In Agner Fog's Optimizing C++ manual he has a section "Inlined functions have a non-inlined copy" where he writes
Function inlining has the complication that the same function may be called from another module. The compiler has to make a non-inlined copy of the inlined function for the sake of the possibility that the function is also called from another module. This non-inlined copy is dead code if no other modules call the function. This fragmentation of the code makes caching less efficient.
Let's make a test for this.
foo.h
inline double foo(double x) {
return x;
}
t1.cpp
#include "foo.h"
double t1(double x) {
return foo(x);
}
main.cpp
#include <stdio.h>
extern double foo(double);
int main(void) {
printf("%f\n", foo(3.14159));
}
compile with g++ t1.cpp main.cpp
and it runs correctly. If I do g++ -S t1.cpp main.cpp
and look at the assembly I see that main.s
calls a function defined in t1.s
. Doing g++ -c main.cpp
and g++ t1.cpp
and looking at the symbols with nm
shows U _Z3food
in main.o
and W _Z3food
in t1.o
. So it's clear that Agner's claim of there being a non-inlined copy is correct.
What about with g++ -O1 t1.cpp main.cpp
? This fails to compile due to foo
being undefined. Doing g++ -O1 t1.cpp
and nm t1.o
shows that _Z3food
has been stripped out.
Now I am confused. I did not expect g++ to remove the non-inline copy with optimization enabled.
It seems that with optimization enabled inline
is equivalent to static inline
. But without optimization inline
means there is a non-inline copy generated.

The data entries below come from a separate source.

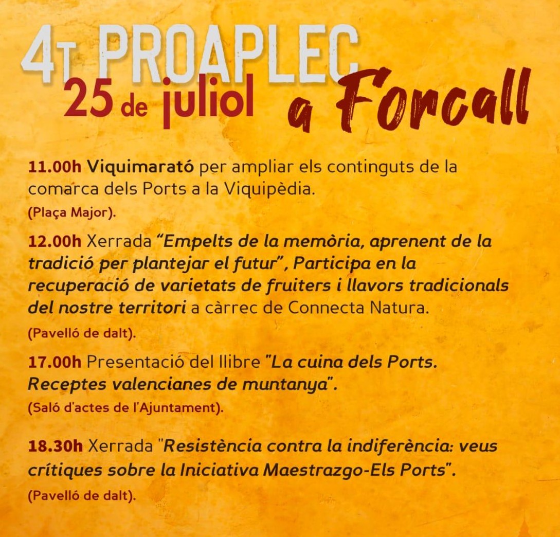 El cuarto Pro Aplec ha contado con diferentes charlas y presentaciones así como también con una Viquimarató para ampliar los contenidos de la Wikipedia alrededor de la comarca. Unas veinte personas han participado a la charla sobre recuperación de variedades de fruteros y semillas tradicionales del territorio y una treintena en la presentación del libro “La cuina dels Ports. Receptes valencianes de muntanya”. El acto central, la charla «Resistència contra la indiferència: veus crítiques sobre la iniciativa Maestrazgo – Els Ports», ha reunido más de un centenar de personas y han participado vecinos y vecinas de diferentes pueblos de la comarca de Els Ports provenientes de varios sectores económicos y grupos de edad.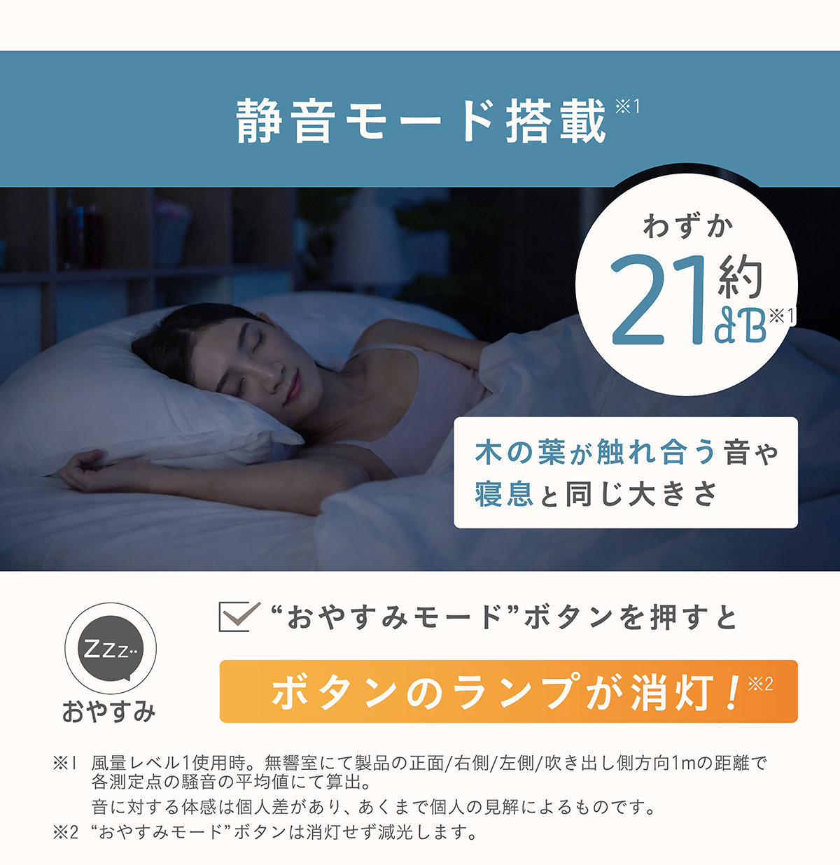 21dB(風量1、おやすみモード)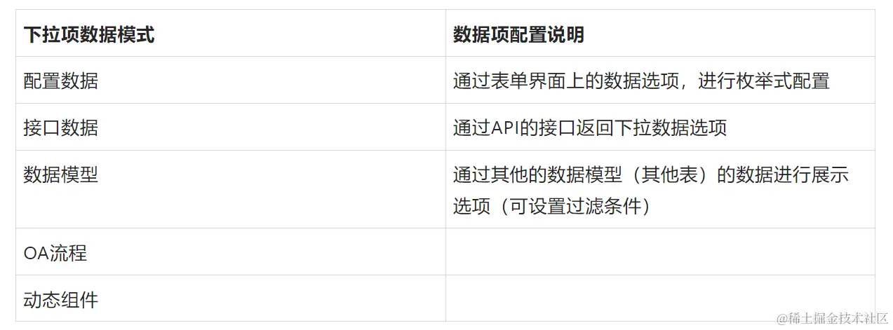 下拉框的选项数据有多种来源方式,根据不同的场景自己选择,目前下拉框数据选项来源有是那种方式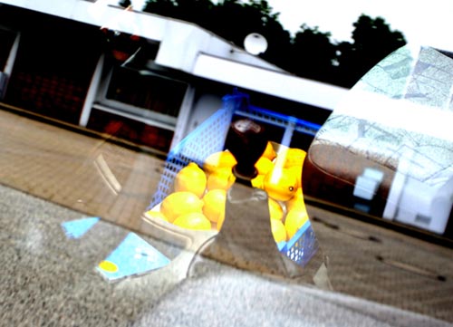 駐車してあった車の助手席に、カゴ一杯のレモンを発見。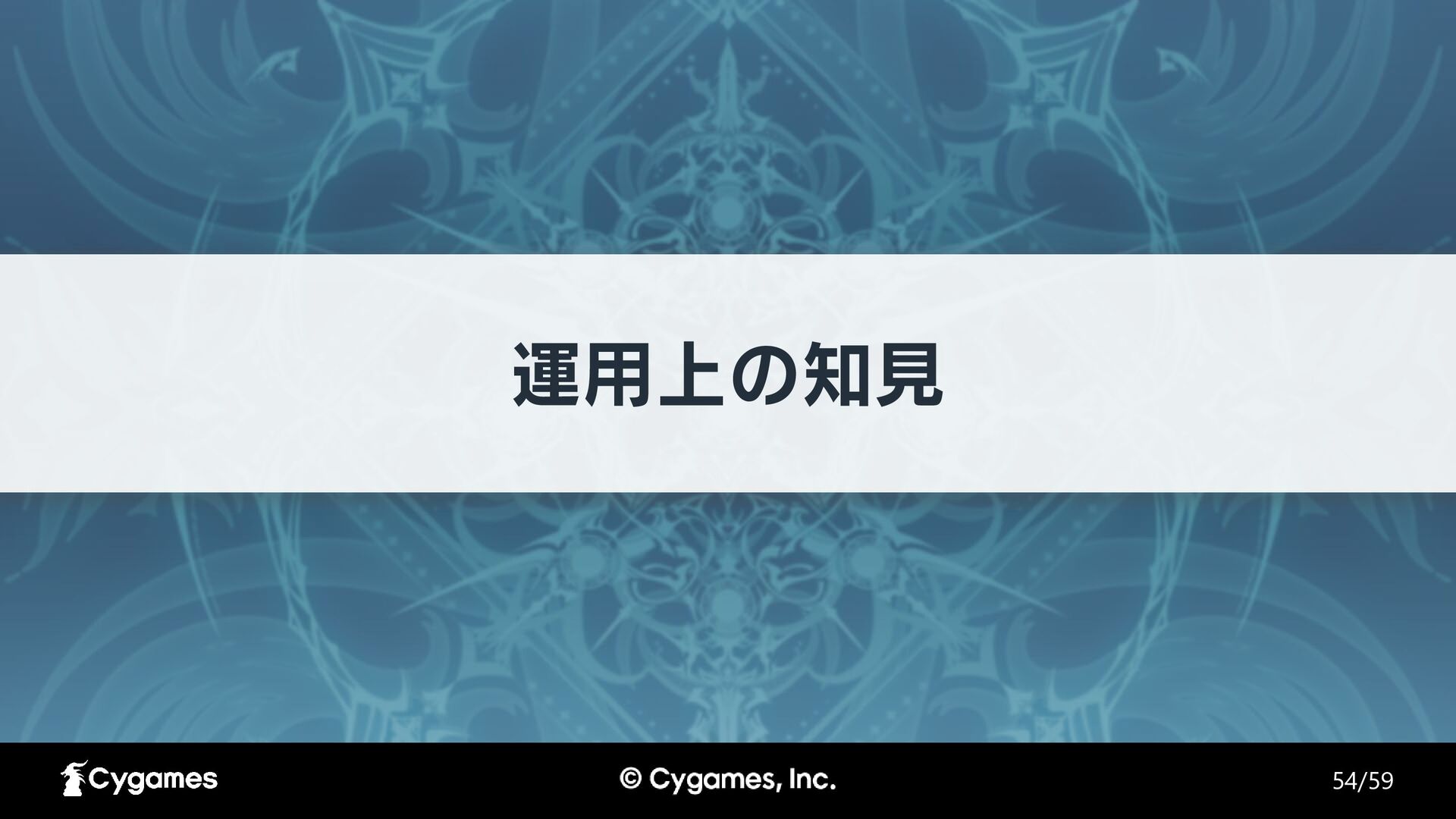 53/59 リリース(まとめ) ノーメンテのシステムスケールで 最高のゲーム体験を提供! 期待以上の反響でリリース告知時間からアクセスが急増 急激な負荷にもAPIサーバーと TiDBのスケールアウトで ノーメンテ対応! 夜のピークタイムに向けて TiKVのスケールアップで

Maybe GCC does not think I would ever want the non-inline copy. But I can think of a case. Let's say I wanted to create a library and in the library I want a function defined in multiple translation units (so that the compiler could inline the code for the function in each translation unit) but I also want an external module linking to my library to be able to call the function defined in the library. I would obviously need a non-inlined version of the function for this.
One suggestion Agner gives if I don't want the non-inline copy is to use static inline
. But from this question and answers I infer that this is only useful to show intent. So on the one hand it's clear it's more than just intent without using optimization since it makes a non-inline copy. But on the other had, with optimization it really only seems to show intent since the non-inline copy is stripped away. This is confusing.
My questions:
- Is GCC correct in stripping away the non-inline copy with optimization enabled? In other words should there always be a non-inline copy if I don't use
static inline
? - If I want to be certain that there is not a non-inline copy should I use
static inline
?
I just realized that I could have misinterpreted Agner's statement. When he says function inlinng he may be referering to the compiler inclining the code and not to the use of the inline
keyword. In other words he could be referring to functions defined with extern
and not with inline
or static
.
for example
//foo.cpp
int foo(int x) {
return x;
}
float bar(int x) {
return 1.0*foo(x);
}
and
//main.cpp
#include <stdio.h>
extern float bar(int x);
int main(void) {
printf("%f\n", bar(3));
}
compile with gcc -O3 foo.cpp main.cpp
shows that foo
was inline in bar
but that a non-inlined copy of foo
which is never used is in the binary.